(RECORDED DATA begins)

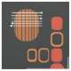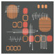 A mid century modern abstract art design that would have fit right in during the 1950s. Various shapes of oval circles and lines in burnt orange and orange red against a black background.
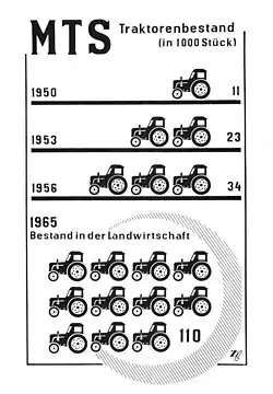 Mit der Gründung der ersten Landwirtschaftlichen Produktionsgenossenschaften (LPG) 1952 wurden die MAS in Maschinen-Traktoren-Stationen (MTS) umgewandelt.[3] Die LPGen erhielten die Dienste zu niedrigsten Konditionen. Die MTS arbeiteten nicht kostendeckend, und der Staat subventionierte über den Umweg MTS die Landwirtschaft und die LPGen im Besonderen. 1952 mussten die Stationen politische Abteilungen einrichten, die durch Schulungen die Traktoristen auf den „richtigen“ ideologischen Kurs bringen sollten.[8]
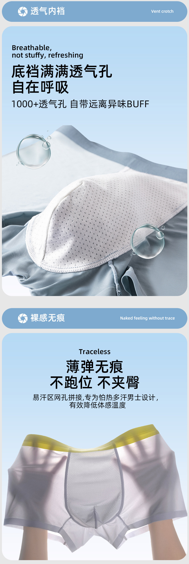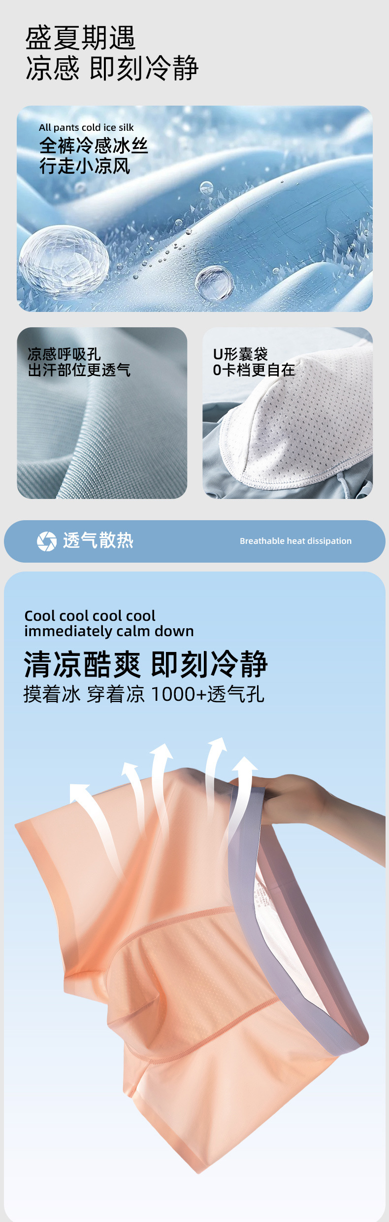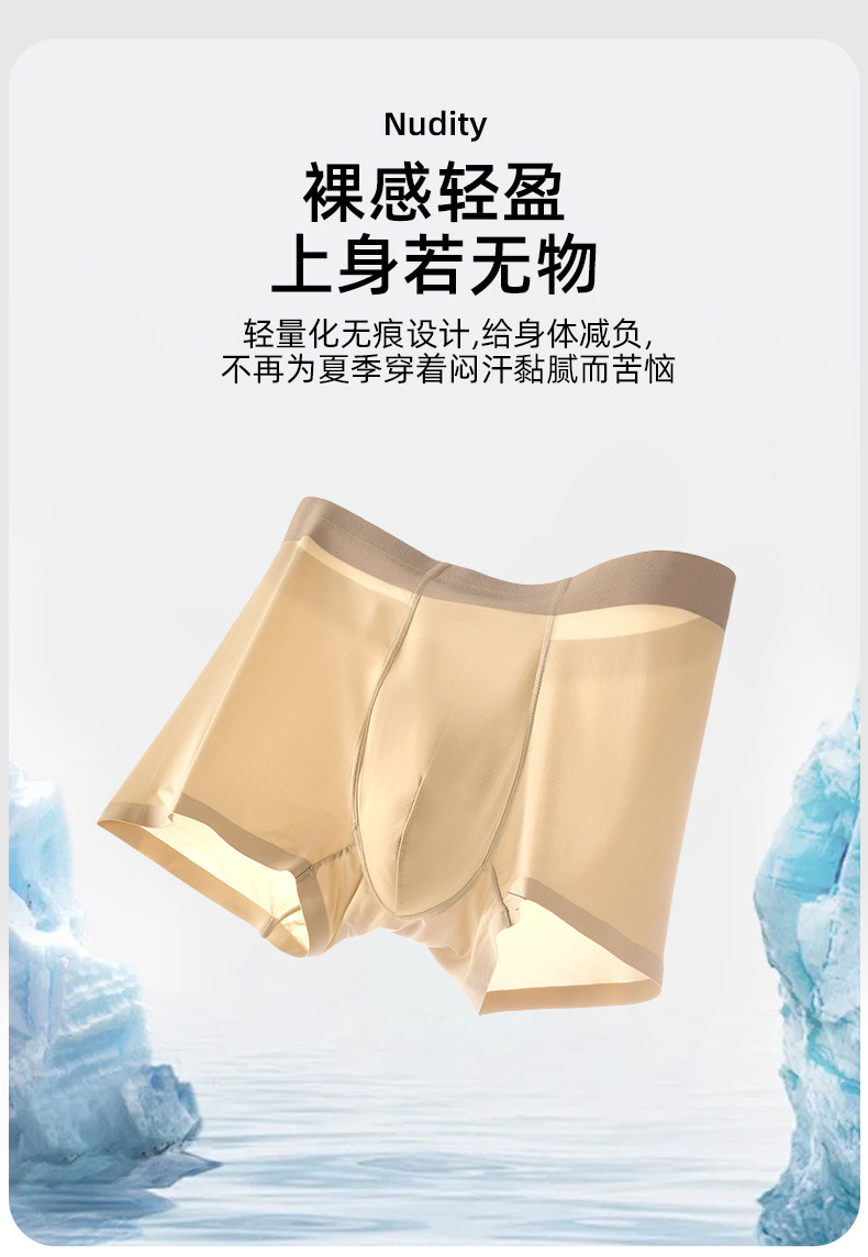 남성용 속옷 120수 아이스 실크 사각팬티 남성 여름용 얇고 통기성 좋은 무봉제 항균 사각팬티 여름 도매

(RECORDED DATA ends)

_THE PROBLEM:_ Your response must reproduce every line of the data exactly, with images omitted.

_ANSWER TO THE PROBLEM:_
 A mid century modern abstract art design that would have fit right in during the 1950s. Various shapes of oval circles and lines in burnt orange and orange red against a black background.
 Mit der Gründung der ersten Landwirtschaftlichen Produktionsgenossenschaften (LPG) 1952 wurden die MAS in Maschinen-Traktoren-Stationen (MTS) umgewandelt.[3] Die LPGen erhielten die Dienste zu niedrigsten Konditionen. Die MTS arbeiteten nicht kostendeckend, und der Staat subventionierte über den Umweg MTS die Landwirtschaft und die LPGen im Besonderen. 1952 mussten die Stationen politische Abteilungen einrichten, die durch Schulungen die Traktoristen auf den „richtigen“ ideologischen Kurs bringen sollten.[8]
 남성용 속옷 120수 아이스 실크 사각팬티 남성 여름용 얇고 통기성 좋은 무봉제 항균 사각팬티 여름 도매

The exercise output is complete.